Джеральд предостерегающе поднял брови и подмигнул. Англичанин расслышал их слова, и на его гордом лице мелькнуло выражение холодного недовольства. Очевидно, он стоял в обществе куда выше Джеральда, и Джеральд, хоть и мог сколько угодно утешаться тем, что учился в университете с лучшими из лучших, ощущал превосходство англичанина и не мог этого скрыть. Джеральд был богат, он происходил из богатой семьи, но не свыкся с богатством.

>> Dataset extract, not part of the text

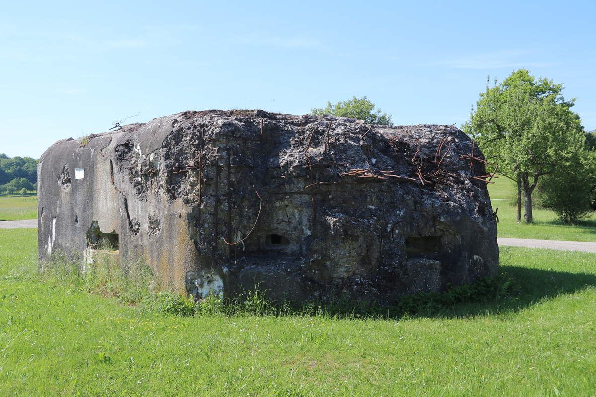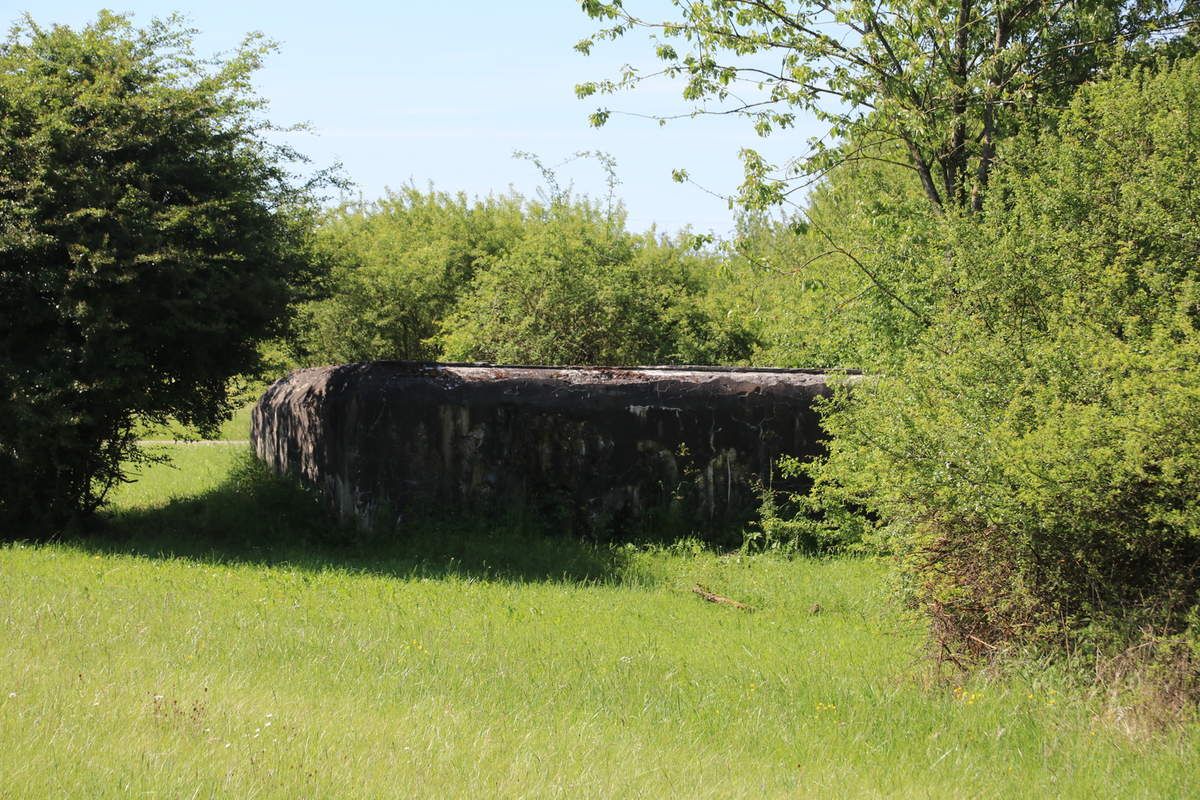 Je continue ma route, retrouvant entre Marienthal et Macheren une nouvelle série de fortifications. Du petit parking aménagé au bord de la route, un chemin s'enfonce sous les arbres reliant divers blockhaus semblant surveiller le second village, en contrebas. On distingue au sol un renfoncement qui marque une ancienne tranchée qui permettait de passer d'un ouvrage à l'autre en toute sécurité.

Бешено тратя деньги, он бравировал, слишком остро сознавая и шик мотовства, и все трудности, связанные с добыванием того капитала, который он пускает на ветер. Джеральду ведь приходилось зарабатывать деньги. Этот англичанин с бакенами никогда денег не зарабатывал, не знал им цены, никогда и подумать не мог, что денег может оказаться меньше, чем требуется. У него было лицо человека, привыкшего приказывать и свысока смотреть на тех, кто ниже его. Он был полон уверенности в себе. Англичанина ничуть не смущало, что его спутница не обращала на него ни малейшего внимания. Она заговорила с ним по-французски. Он лаконично ответил по-английски и тут же, по-английски, заказал ужин. Как только принесли шампанского, он принялся пить, в промежутках поглаживая бакенбарды. Дама в накидке молчала.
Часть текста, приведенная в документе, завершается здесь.